_What you are asked to do_
The data below should be copied out exactly, with its pictures omitted.

_Provided material_
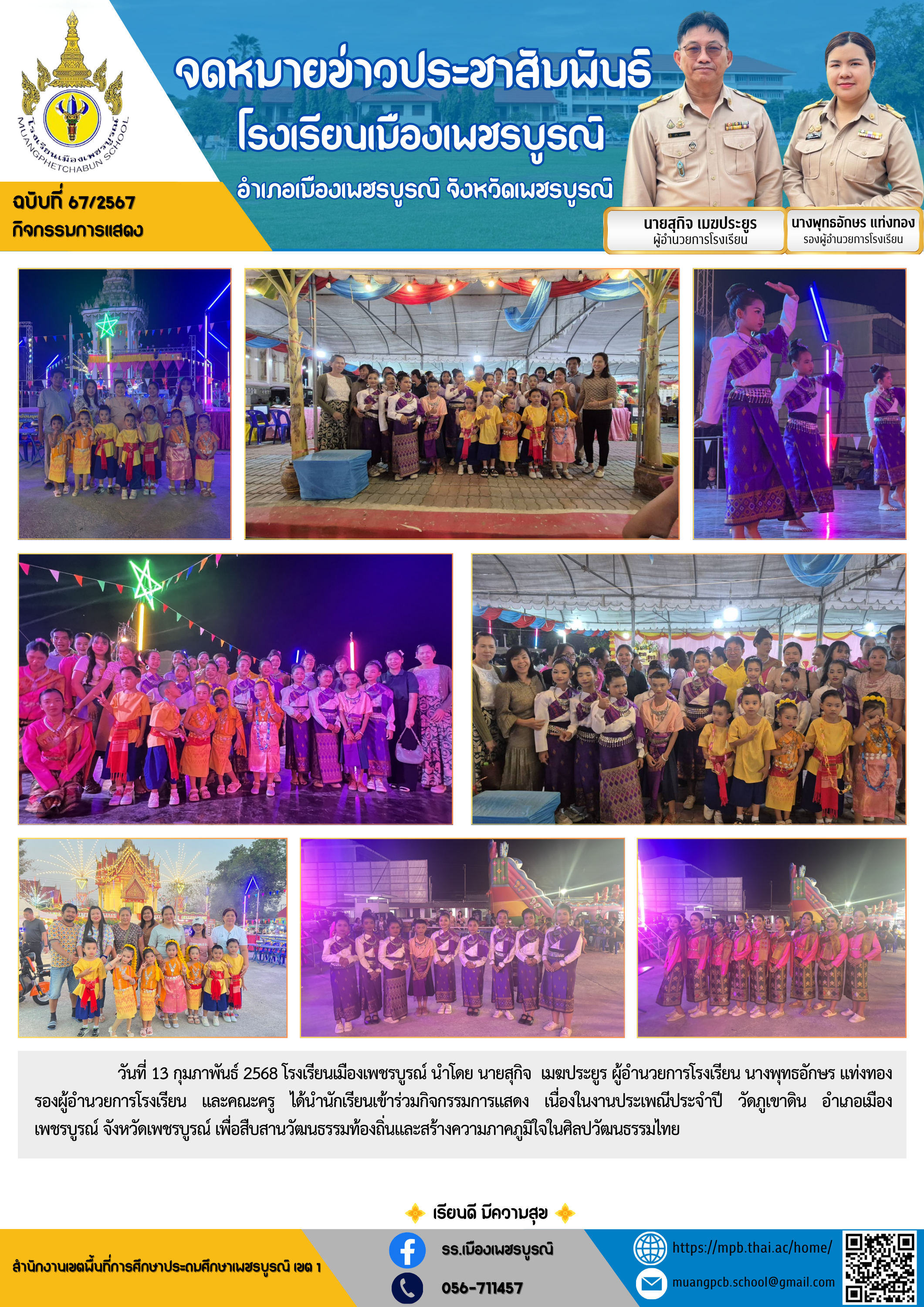 วันที่ 13 กุมภาพันธ์ 2568 โรงเรียนเมืองเพชรบูรณ์ นำโดย นายสุกิจ เมฆประยูร ผู้อำนวยการโรงเรียน นางพุทธอักษร แท่งทอง รองผู้อำนวยการโรงเรียน และคณะครู ได้นำนักเรียนเข้าร่วมกิจกรรมการแสดง เนื่องในงานประเพณีประจำปี วัดภูเขาดิน อำเภอเมืองเพชรบูรณ์ จังหวัดเพชรบูรณ์ เพื่อสืบสานวัฒนธรรมท้องถิ่นและสร้างความภาคภูมิใจในศิลปวัฒนธรรมไทย
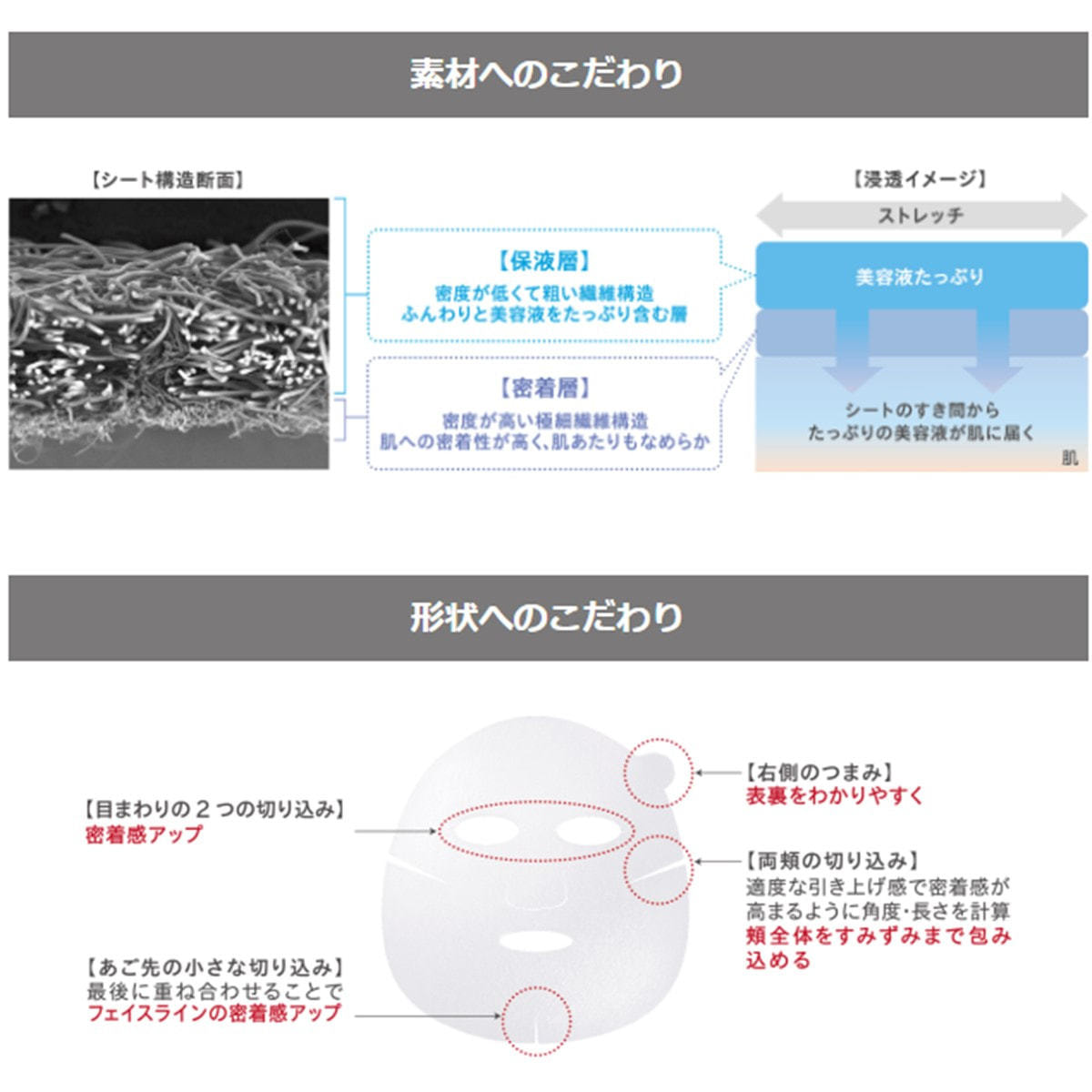 ・保湿層:密度が低くて新井繊維構造でふんわりと美容液をたっぷり含みます。
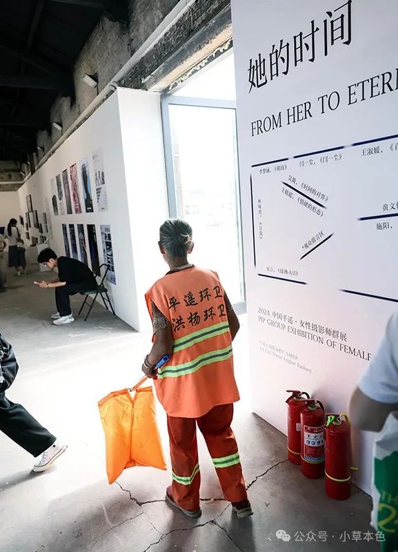 2024年9月19日,一名“輕傷不下火線”的攝影師在第24屆平遙國(guó)際攝影大展展場(chǎng)內(nèi)拍攝

_Response_
 วันที่ 13 กุมภาพันธ์ 2568 โรงเรียนเมืองเพชรบูรณ์ นำโดย นายสุกิจ เมฆประยูร ผู้อำนวยการโรงเรียน นางพุทธอักษร แท่งทอง รองผู้อำนวยการโรงเรียน และคณะครู ได้นำนักเรียนเข้าร่วมกิจกรรมการแสดง เนื่องในงานประเพณีประจำปี วัดภูเขาดิน อำเภอเมืองเพชรบูรณ์ จังหวัดเพชรบูรณ์ เพื่อสืบสานวัฒนธรรมท้องถิ่นและสร้างความภาคภูมิใจในศิลปวัฒนธรรมไทย
 ・保湿層:密度が低くて新井繊維構造でふんわりと美容液をたっぷり含みます。
 2024年9月19日,一名“輕傷不下火線”的攝影師在第24屆平遙國(guó)際攝影大展展場(chǎng)內(nèi)拍攝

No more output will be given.